# MTB Helm für "Vielschwitzer"



## padde-hh (23. August 2020)

Moin Leute,

habt ihr ggf. konkrete Empfehlungen für MTB Helme die gut geeignet für Leute sind, die etwas mehr schwitzen als es vllt. "normal" ist? 
Fahre momentan einen Giro Einsteiger Helm, bin aber eher unzufrieden. Trotz Buff habe ich das Gefühl, das es bestimmt noch etwas besseres gibt.

Ich wäre für jeden Input dankbar.

LG,
Padde


----------



## ron101 (24. August 2020)

Der Oakley DRT5 hat :
SCHWEISSABSORBIERENDER SILIKONSTREIFEN: Absorbiert Schweiß und leitet ihn vom Auge weg, sodass deine Brille schlierenfrei bleibt. 

Damit schwitzt man wohl nicht weniger, aber es läuft eher hinter die Ohren als vorne im Gesicht runter.
Habe es selber jedoch nicht ausprobiert.


----------



## MTB-News.de




----------



## Laufrad0815 (26. August 2020)

Den DRT5 habe ich seit ein paar Wochen und bin sehr zufrieden mit dem Helm.
Was jedoch zu erwähnen ist:
Es gibt so gut wie keine Polsterung im Helm, was ich anfangs gewöhnungsbedürftig fand. Bei mir sitzt er wie angegossen.

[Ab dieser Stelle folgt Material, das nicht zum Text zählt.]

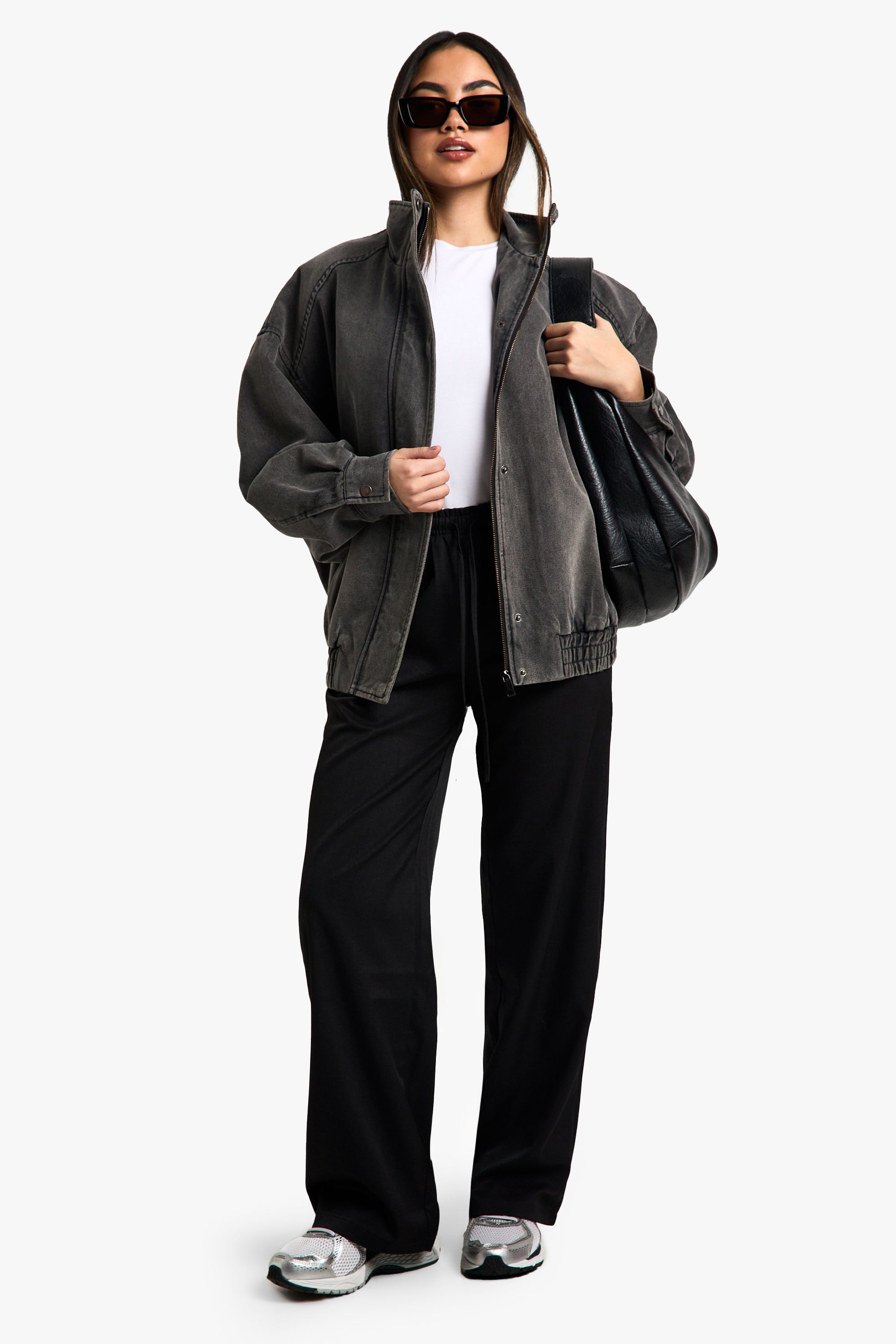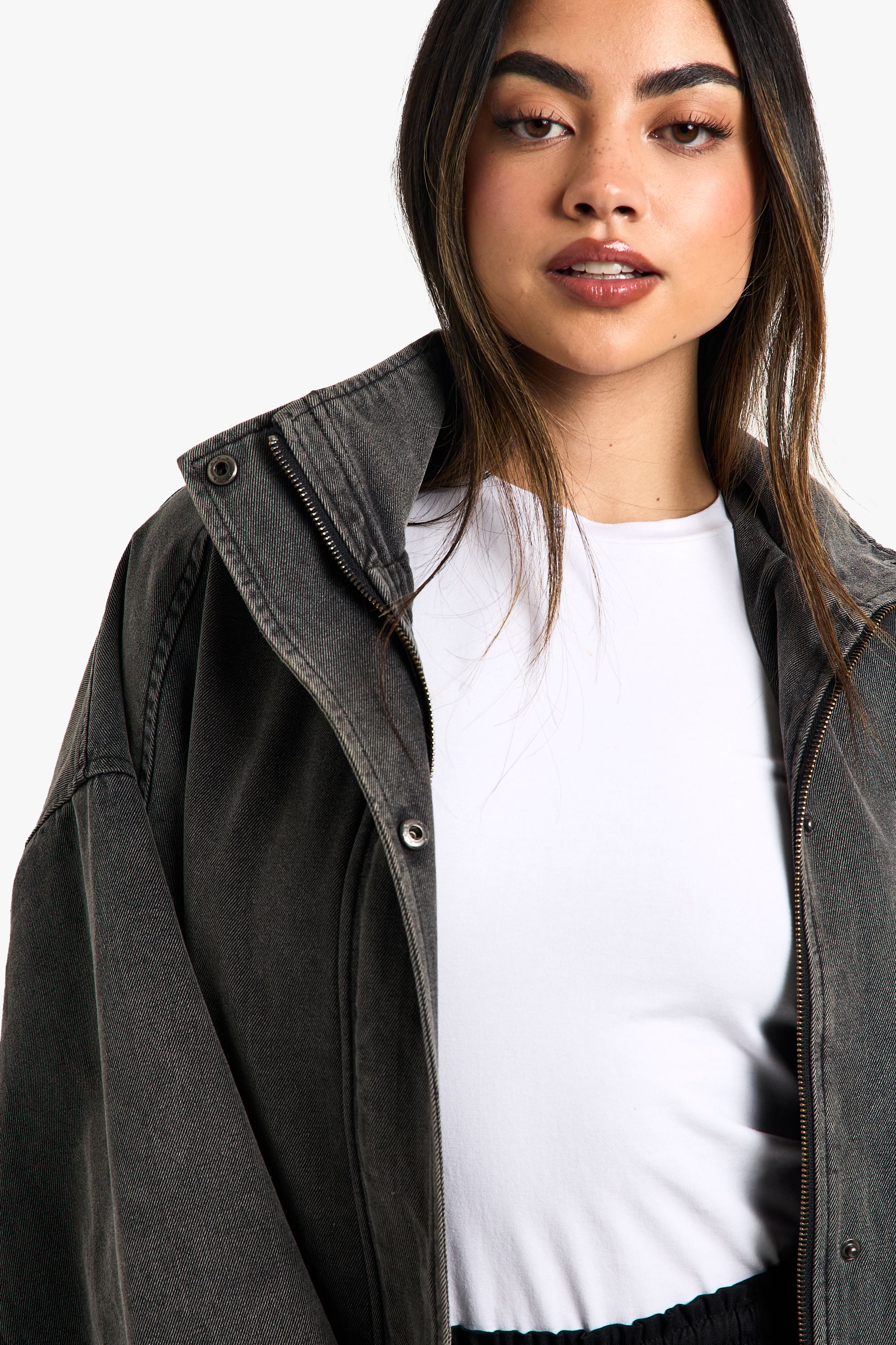 • Oversized denim-bomber hybrid design
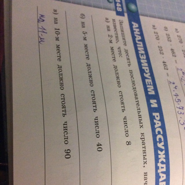 Запишите десять последовательных кратных, начиная с наименьшего, если известно что на 2 месте должно стоять число 8 на 5 40 на 10 90

Durch das Silikonband im Stirnbereich läuft der Schweiß tatsächlich in Richtung
Ohren ab und lässt die Brille und Augen trocken.
Nachteil sind schöne Abdrücke auf der Stirn durch die Silikonstreifen.

Zwischenzeitlich habe ich das beiliegende Stirnpolster drangemacht und finde den Sitz so noch komfortabler.


----------



## Collateral (26. August 2020)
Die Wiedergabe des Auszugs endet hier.